** Data shown follows **

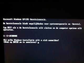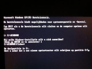 Hoi, Ik heb de recovery console opgestart, en toen kreeg ik het volgende schermpje: daarna heb ik 1 gedrukt voor c:\ windows en toen fixboot enter, en kreeg het volgende schermpje Moet ik nu op ja drukken? of wat moet ik hier doen? ik hoop dat het te lezen is, er staat weet u zeker dat u een nieuwe opstartsector wilt schrijven op partitie c? Ik heb inmiddels j ingetoetst en enter gedrukt. en toen fixmbr enter, en nu krijg ik een waarschuwing namelijk: het lijkt erop dat deze computer een niet-standaard of ongeldige MBR heeft. FIXMBR kan de partitietabellen beshadigen als u doorgaat. hierdoor kunnen alle partities van de active vaste schijf ontoegankelijk worden. ga niet door als u geen problemen hebt met het verkrijgen van toegang tot het station. weet u zeker dat u een nieuwe MBR wilt schrijven? Ik heb inmiddels op j gedrukt, en daarna exit. Hij is afgesloten en is toen weer opgestart, maar weer bleef hij hangen bij het windows logo... Dus hij is weer niet normaal opgestart..
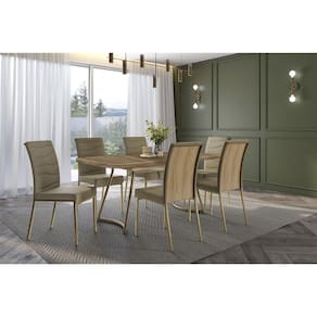 Sala de Jantar Completa Évora 1603 Aço c/ Tampo Madeirado 170x90cm e 6 Cadeiras Wave Dourado/Noce/Carvalho - Linho/ano Bamboo - Carraro Abaixo segue os produtos do KIT: Sala de Jantar Completa Évora 1603 Aço c/ Tampo Madeirado 170x90cm e 6 Cadeiras Wave Dourado/Noce/Carvalho - Linho/ano Bamboo - Carraro
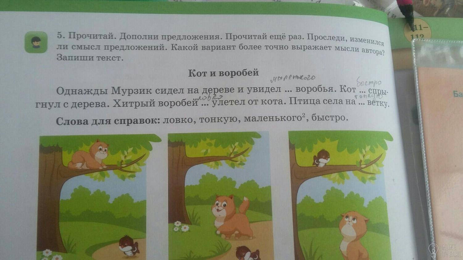 Однажды мурзик сидел на дереве и увидел маленького воробья. Кот быстро спрыгнул с дерева. Хитрый воробей ловко улетел от кота птица села на тонкую ветку
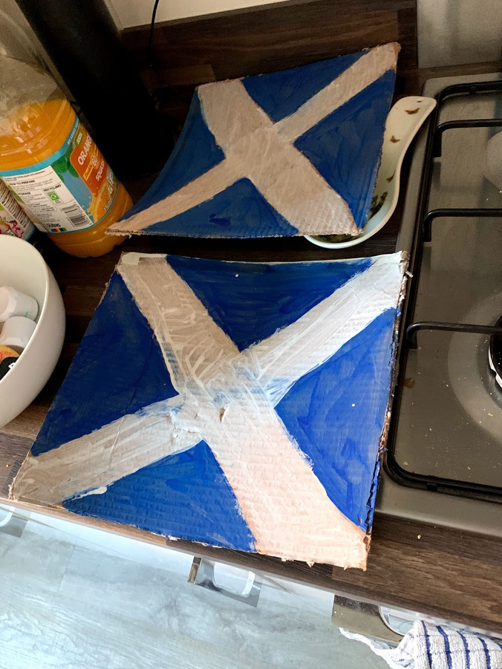 We couldn’t have a Scottish themed week without making some Scottish flags. We cut out a square of cardboard and drew the St Andrew’s Cross onto it. Robbie then painted the cross white and the background blue.
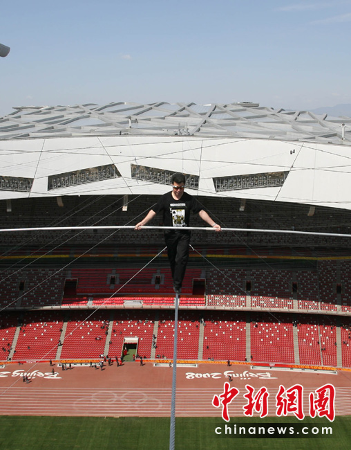 4月29日,有高空王子之稱的新疆小伙阿迪力在鳥巢上空成功試演達瓦孜(高空走鋼絲)。5月3日起,他將在北京國家體育場(鳥巢)頂棚上搭建的小屋生存60天,其間每天將進行約5個小時的高空走鋼絲表演。 中新社發(fā) 蘇丹 攝
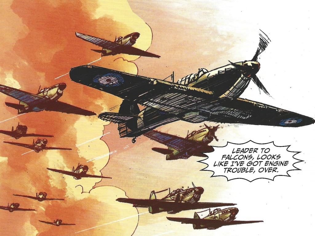 Ennis & Keith Burns, reunite from the special to kick things off in issue 1 with “Johnny Red” the same team that was on the Titan “Johnny Red” series that is “coincidentally “ is currently being reprinted in the Judge Dredd Megazine. A birdstrike on landing leads to Falcon Squadron adopting their namesake to see off any other avian hazards, while Falcon Squadron itself deal with a more human predator. Ennis’ is a king of dialogue, its “saltier” here than in Tom Tully’s run but he has a feel for the characters and is master of “blokey camaraderie”.
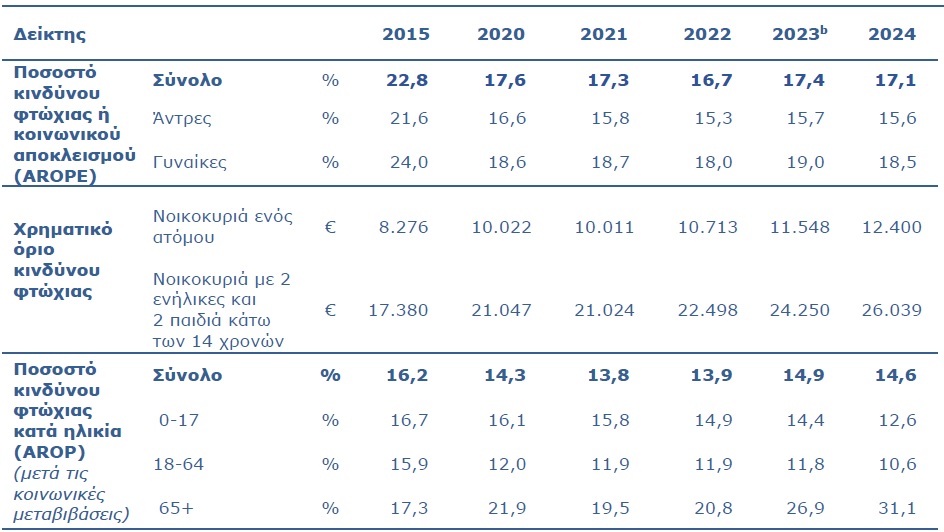 17,1% του πληθυσμού ή 164 χιλιάδες άτομα βρίσκονταν το 2024 σε κίνδυνο φτώχειας ή σε κοινωνικό αποκλεισμό.
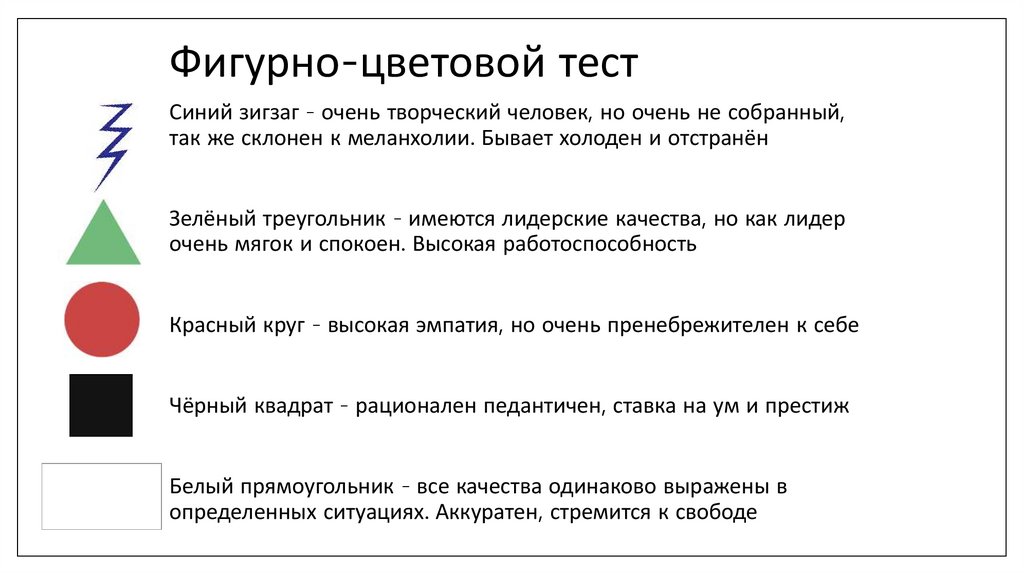 Синий зигзаг - очень творческий человек, но очень не собранный,так же склонен к меланхолии. Бывает холоден и отстранён

** End of Data shown **

To do:
Produce an exact reproduction of the listing above, limited to the lines starting at the line with "Однажды мурзик сидел" and ending at the line with "17,1% του πληθυσμού", both kept, with every picture left out.

Written reply:
 Однажды мурзик сидел на дереве и увидел маленького воробья. Кот быстро спрыгнул с дерева. Хитрый воробей ловко улетел от кота птица села на тонкую ветку
 We couldn’t have a Scottish themed week without making some Scottish flags. We cut out a square of cardboard and drew the St Andrew’s Cross onto it. Robbie then painted the cross white and the background blue.
 4月29日,有高空王子之稱的新疆小伙阿迪力在鳥巢上空成功試演達瓦孜(高空走鋼絲)。5月3日起,他將在北京國家體育場(鳥巢)頂棚上搭建的小屋生存60天,其間每天將進行約5個小時的高空走鋼絲表演。 中新社發(fā) 蘇丹 攝
 Ennis & Keith Burns, reunite from the special to kick things off in issue 1 with “Johnny Red” the same team that was on the Titan “Johnny Red” series that is “coincidentally “ is currently being reprinted in the Judge Dredd Megazine. A birdstrike on landing leads to Falcon Squadron adopting their namesake to see off any other avian hazards, while Falcon Squadron itself deal with a more human predator. Ennis’ is a king of dialogue, its “saltier” here than in Tom Tully’s run but he has a feel for the characters and is master of “blokey camaraderie”.
 17,1% του πληθυσμού ή 164 χιλιάδες άτομα βρίσκονταν το 2024 σε κίνδυνο φτώχειας ή σε κοινωνικό αποκλεισμό.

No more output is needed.